REQUIRED WORK - Scan the entries for the word "between". Every line that has it should be copied.
━━━ RECORDS SUPPLIED ━━━
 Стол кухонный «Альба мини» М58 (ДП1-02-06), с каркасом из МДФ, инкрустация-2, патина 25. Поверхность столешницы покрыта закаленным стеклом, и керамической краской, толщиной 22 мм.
━━━
━━━ RECORDS SUPPLIED ━━━
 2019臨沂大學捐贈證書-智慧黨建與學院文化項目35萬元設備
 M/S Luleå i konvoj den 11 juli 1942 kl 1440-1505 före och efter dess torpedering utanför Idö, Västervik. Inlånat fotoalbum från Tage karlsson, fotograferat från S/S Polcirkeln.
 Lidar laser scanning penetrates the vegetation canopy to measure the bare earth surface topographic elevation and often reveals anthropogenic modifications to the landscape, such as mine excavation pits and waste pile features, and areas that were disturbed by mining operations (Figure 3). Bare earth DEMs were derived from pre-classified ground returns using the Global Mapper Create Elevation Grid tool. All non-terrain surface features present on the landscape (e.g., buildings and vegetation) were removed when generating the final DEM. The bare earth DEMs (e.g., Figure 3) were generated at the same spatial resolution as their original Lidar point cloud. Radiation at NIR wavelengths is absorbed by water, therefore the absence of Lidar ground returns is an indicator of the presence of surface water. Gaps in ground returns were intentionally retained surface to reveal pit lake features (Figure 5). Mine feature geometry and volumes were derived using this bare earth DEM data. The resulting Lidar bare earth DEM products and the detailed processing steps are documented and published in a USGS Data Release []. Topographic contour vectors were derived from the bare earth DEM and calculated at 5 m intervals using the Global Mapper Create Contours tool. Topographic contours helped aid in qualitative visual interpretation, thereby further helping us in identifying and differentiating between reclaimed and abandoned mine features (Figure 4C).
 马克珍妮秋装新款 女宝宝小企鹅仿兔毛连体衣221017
━━━
━━━ RECORDS SUPPLIED ━━━
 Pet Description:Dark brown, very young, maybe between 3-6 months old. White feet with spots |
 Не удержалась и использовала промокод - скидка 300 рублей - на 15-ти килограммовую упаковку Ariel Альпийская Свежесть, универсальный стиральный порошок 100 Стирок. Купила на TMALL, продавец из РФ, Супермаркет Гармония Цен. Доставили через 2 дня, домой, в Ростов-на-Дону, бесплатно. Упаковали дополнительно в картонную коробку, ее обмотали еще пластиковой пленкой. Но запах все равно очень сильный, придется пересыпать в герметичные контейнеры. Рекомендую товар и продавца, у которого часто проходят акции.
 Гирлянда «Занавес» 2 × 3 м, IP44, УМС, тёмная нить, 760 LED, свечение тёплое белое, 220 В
━━━
TASK OUTPUT -
 Lidar laser scanning penetrates the vegetation canopy to measure the bare earth surface topographic elevation and often reveals anthropogenic modifications to the landscape, such as mine excavation pits and waste pile features, and areas that were disturbed by mining operations (Figure 3). Bare earth DEMs were derived from pre-classified ground returns using the Global Mapper Create Elevation Grid tool. All non-terrain surface features present on the landscape (e.g., buildings and vegetation) were removed when generating the final DEM. The bare earth DEMs (e.g., Figure 3) were generated at the same spatial resolution as their original Lidar point cloud. Radiation at NIR wavelengths is absorbed by water, therefore the absence of Lidar ground returns is an indicator of the presence of surface water. Gaps in ground returns were intentionally retained surface to reveal pit lake features (Figure 5). Mine feature geometry and volumes were derived using this bare earth DEM data. The resulting Lidar bare earth DEM products and the detailed processing steps are documented and published in a USGS Data Release []. Topographic contour vectors were derived from the bare earth DEM and calculated at 5 m intervals using the Global Mapper Create Contours tool. Topographic contours helped aid in qualitative visual interpretation, thereby further helping us in identifying and differentiating between reclaimed and abandoned mine features (Figure 4C).
 Pet Description:Dark brown, very young, maybe between 3-6 months old. White feet with spots |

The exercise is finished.